With all the elseworlds DC has done, it's amazed me how no one's done a Poor Batman, Low-Budget Batman or Working-Class Batman. Like would Bruce have become Batman if he hadn't been rich? I guess that might make him more similar to Daredevil since Matt Murdock is an Irish-Catholic working-class kid who became a lawyer and blind superhero and is a genuine underdog superhero.
But I'd argue that the thing about Bruce that's most appealing, for better and worse, that strong sense of vengeance, commitment, and determination crosses class lines and going forward with all the baggage being a rich guy has today, it might make more sense to make Batman work as a poor guy. I'd like a run on Batman similar to Cullen Bunn's MAGNETO which takes the great supervillain with all his resources and top-of-the-line tech and sends him on a low-budget with reduced powers and still shows the same intelligence, charisma, and determination at play.
Great points.
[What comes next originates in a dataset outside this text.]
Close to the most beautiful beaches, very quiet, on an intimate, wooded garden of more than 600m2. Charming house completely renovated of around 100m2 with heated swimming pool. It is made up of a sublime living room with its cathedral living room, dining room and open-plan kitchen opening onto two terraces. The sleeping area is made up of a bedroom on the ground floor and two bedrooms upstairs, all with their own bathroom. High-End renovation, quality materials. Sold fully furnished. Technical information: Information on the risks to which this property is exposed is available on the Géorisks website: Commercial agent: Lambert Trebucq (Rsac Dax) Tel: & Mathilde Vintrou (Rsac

Tom Holland's Peter is let down by the writing because they're not allowing him to have complicated feelings towards Tony Stark on a personal level.Relating back to Spider-Man and the understandable criticisms of his MCU portrayal, not just in terms of him coming off as a shallow parody of how middle-aged and older men think modern teenagers behave and think, but also the class issues in having Iron Man as his mentor and surrogate father figure in a way that's meant to be more positive than how things turned out between them in the comics, I would say the major disappointment of Homecoming was that while the Vulture made a rather good case against Peter idolizing Tony Stark, which was somewhat reinforced by Tony's own (arguably) imperious and neglectful style of mentorship, the plot didn't allow for Peter to fully reckon with Tony's character flaws (and arguable moral failures). I mean, hell, Captain America: Civil War had their beginning interactions end with Tony emotionally blackmailing Peter (by threatening to tell his Aunt May he was Spider-Man) into accompanying him to fight Captain America in Germany and not even giving him the full story, just his interpretation of what Cap was doing and why, as shown by Spidey's exchange with Cap when they actually fought, specifically, "You're wrong, but you think you're right. That makes you dangerous." (Projection much, Tony? After all, Avengers: Age of Ultron's plot was propelled in large part by him recklessly pushing ahead because he thought he was right, damn what anyone else had to say in terms of cautioning him against the course of action he'd decided to pursue.) Somehow, that never got addressed or rectified in any meaningful way before Tony's (heroic) death in Avengers: Endgame and even Far From Home's attempt via Happy Hogan to puncture the hero-worship bubble by explaining to Peter that Tony was as flawed and messed up as anyone else . . . still rang rather hollow given how he was practically canonized (made into a sainted figure) following his death, which I'd hope would be tackled more in a Disney+ MCU follow-up series like Armor Wars.